I guess that it is not a biais of the algorithm, but of our societies? If more often it’s a women who are said to do laundry (in news, documents, blogs, Google translate uses to), the results make sense? I mean, you can’t expect machine learning to not pick up any biais when all material they are learning from is full of our biais.

Of course then it’s the human team responsibility to code it differently (maybe use this neutral pronoun in that case).

It's pretty much impossible for a biased society to create an unbiased AI. Machine learning is going to be essential to creating intelligence. It can only learn what we show it.

Humans are designing these things though, and it is possible to make it so that this kind of thing doesn't happen. Likely the developers working on this were men and didn't see the need to bother, or it wasn't tested thoroughly or with someone who knew the actual language.

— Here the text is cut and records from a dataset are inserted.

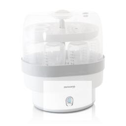 С его помощью можно стерилизовать все виды бутылочек, а также аксессуары для молокоотсосов, которые могут быть размещены в специальном отсеке.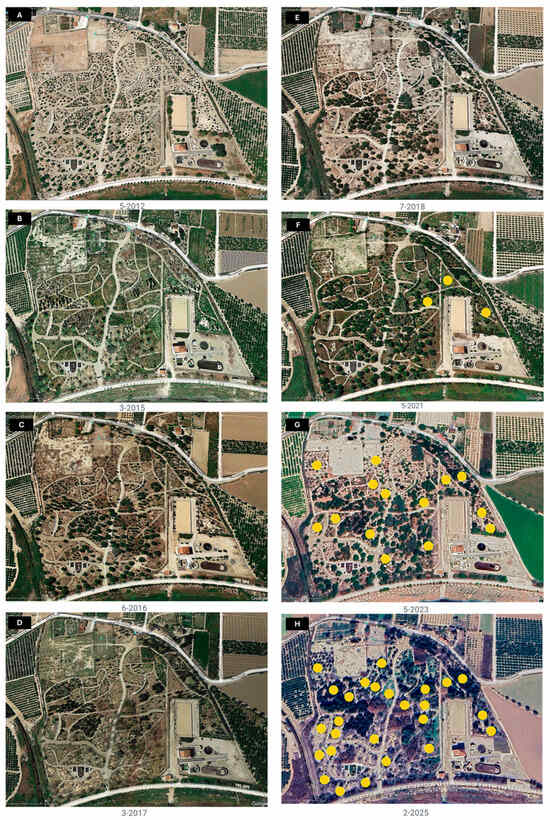 Chronology of the Phoenix plantation at the Palmetum in Soto I6 (Orihuela) and of the impact of the RPW infestation. During years 2014 to 2017 the park suffered severe drought and failed irrigation which led to de death of 55 accessions, but without evidence of RPW presence. Orange-yellowish dots represent zones where at least one palm died infested by RPW. Subfigures: (A) Image of the park prior to the planting of the accessions. (B) Image taken after the first planting phase in 2014. (C,D) Loss due to irrigation failure of most of the palm trees planted in the first phase. (E) Second planting phase in 2018. (F–H) Evolution of RPW infestation since 2021. Infestation seems to have its origin in the EDAR zone (see (F)).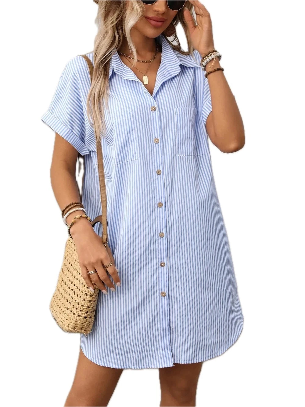 Women's Striped Button Down Short Sleeve Mini Dress with Pockets 100% Viscose Lightweight Comfort Summer Everyday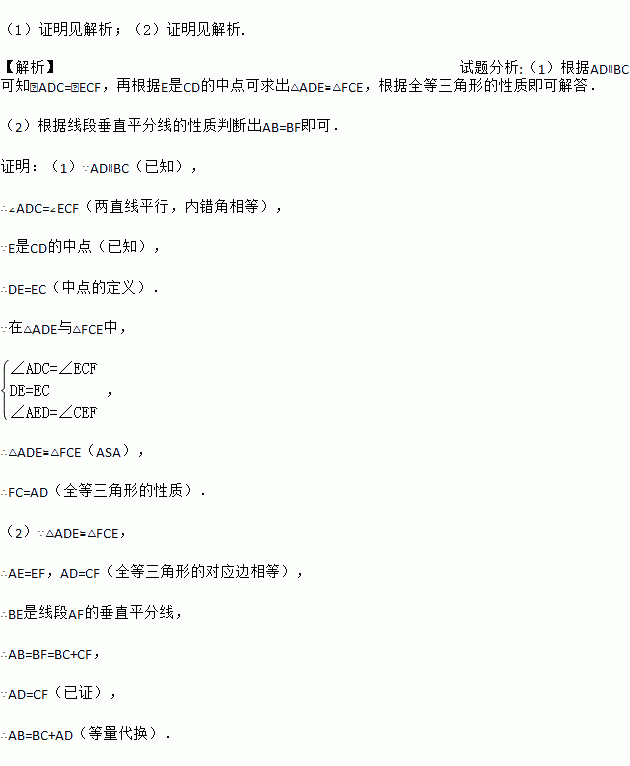 如图,在四边形ABCD中,AD∥BC,E为CD的中点,连接AE、BE,BE⊥AE,延长AE交BC的延长线于点F.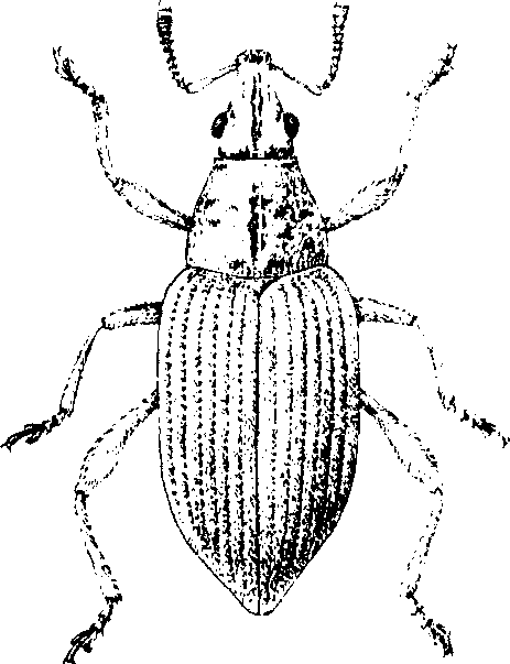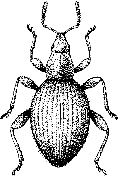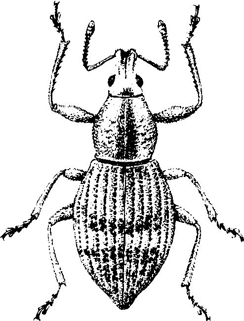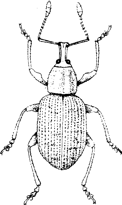蓝绿象 学名Hypomeces squamosus Fabricius。分布于长江流域及华南棉区。寄主有棉花、桑、茶、咖啡、松苗、玉米、甘蔗等,也取食杂草。成虫体长15~18毫米,纺锤形,黑色,表面密被翠绿、绿、金黄及灰色相间的鳞片和灰白茸毛。喙粗宽,端部鞘窄,前胸前窄后宽,中央有一宽纵沟。鞘翅基部最宽向后渐尖,每鞘翅有10条刻点沟(图4)。长江流域年生1代,华南2代。成虫4月出现,7~9月发生最多。成虫有群集性和假死性。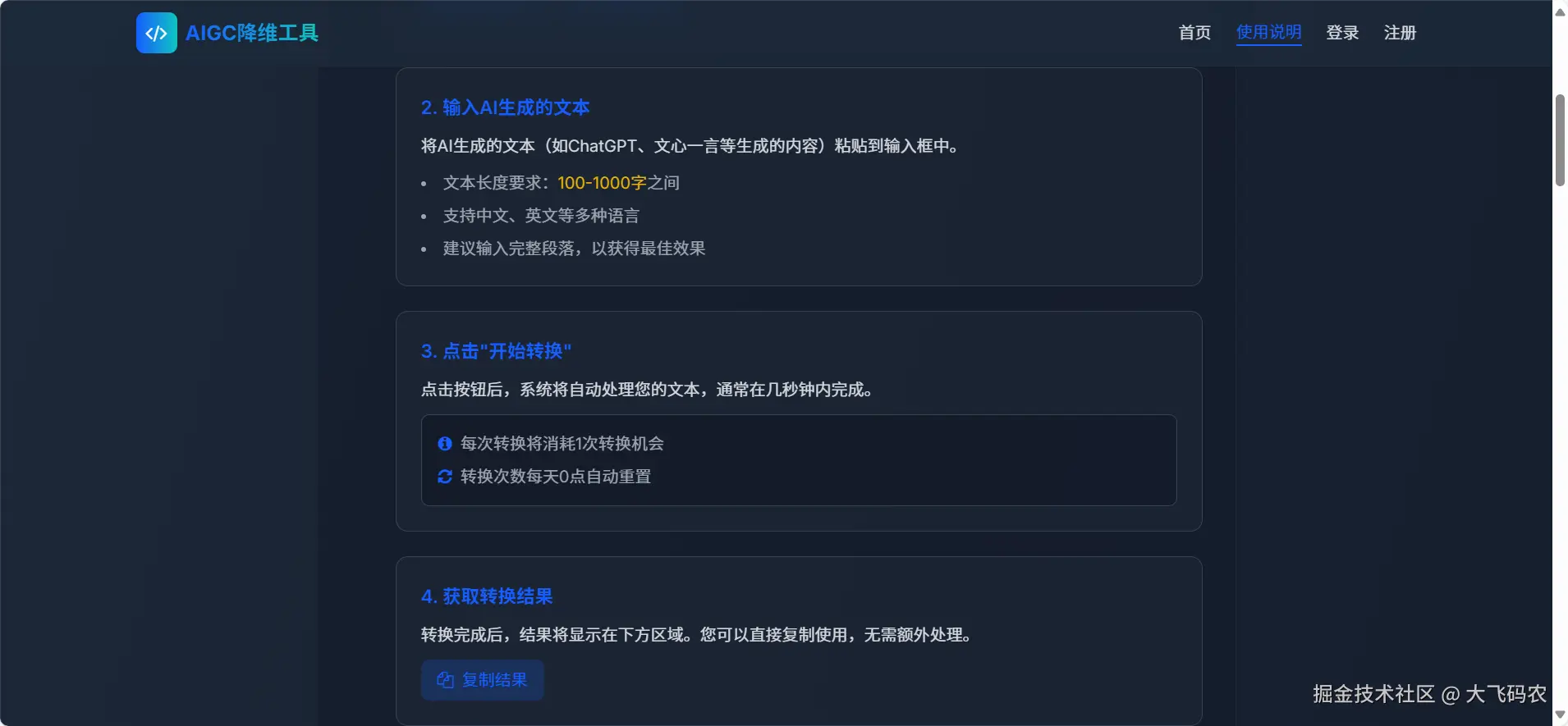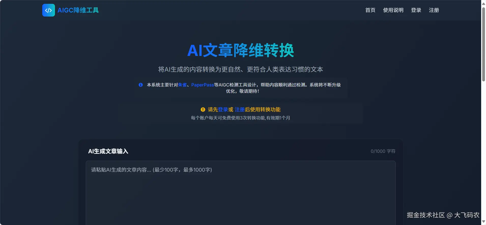 这里要声明一下,由于这个工具需要消耗我自己的大模型token数,所以每位用户每天只能免费试使用3词,每次最多不超过1000字。

[–] immersang ★♫☆❉★♬☆ 6 points Edited

Don't underestimate the HUGE amount of data Google uses to train these language models. I work in that tech area (not for Google, but also in AI) and I know how much data is already used when we are just speaking about domain language models, i.e. models that get created to understand language for a specific vertical such as Banking or Retail.

Now, what Google uses for these? X times that, all raw data.

Sure, this stuff can be tuned up to a certain point, but....

My point wasn't that the quantity of data is the issue, it's the quality of the data and the bias (or incompetence) of the people deciding how to use that data. They can do better than just saying "here, computer, go learn from this pile of garbage," and actually refine the pile or refine how it is used. Correct for sexist or whatever other issues are in there. But given that most in tech are men, that's not happening.

Google has shown it's possible, like when people pointed out the sexist and racist results in image searches (like only showing men when you searched for doctors). They and other tech companies can do better, but whether they will is another matter.

yes, it is a bias of our society. the algorithm just reproduces it, because that's what its learning. like any human child.

I think Google translate might just start with he and then alternate because I decided to try it for myself but I started with the second one first. And it translated it as “He is doing laundry”.

I just tried the first 4 and it translated it to he everytime. 🤷‍♀️

I tried them all and I got the same results as the picture...

[–] fireworks 8 points Edited

My language also doesn't have gendered pronouns and translation programs always translate pronoun as "he". "She" never comes up unless I write a female pronoun which didn't exist in Korean language until English translation became a thing.

i've tried this out with several languages, and it's the same thing all around. it's because the linguistic corpus they feed into translators is full of bias, and machines only reflect what they've been taught.

Also, fun fact: I am learning Greek and my teacher pointed out that they do not have feminine words for doctor or lawyer, but instead change the modifier in front and keep the masculine suffix on the word.

Not that I am into the whole pronoun thing, but I really don't think it would be too hard to include a programming translation choice : 'he/she' or 'her/him' - especially in languages that do not have gendered pronouns.

Is this just lazy coding? Can we not make the equivalent 'if/then' clause in the code? (IF Filapino (or other non-gendered pronoun language) THEN he/she)

[–] emptiedriver 3 points Edited

Is it just coincidence that the ones ending in "a" are the ones with female pronouns and the ones ending in "o" are the male pronouns? I don't know filipino...

ok, when I tried rewriting with a's and o's switching I got all he's:

Translation results

he is doing laundry

he is blurring

he was playing

he is drawing

... not sure what that means

it would be interesting to see how AI interprets signed languages (they are in 4-D format). I know that my language, ASL, uses non-gendered pronouns (unlike the manually coded English systems which does rely heavily on gendered pronouns).

and they say english is the "least gendered language in the world". hmpf.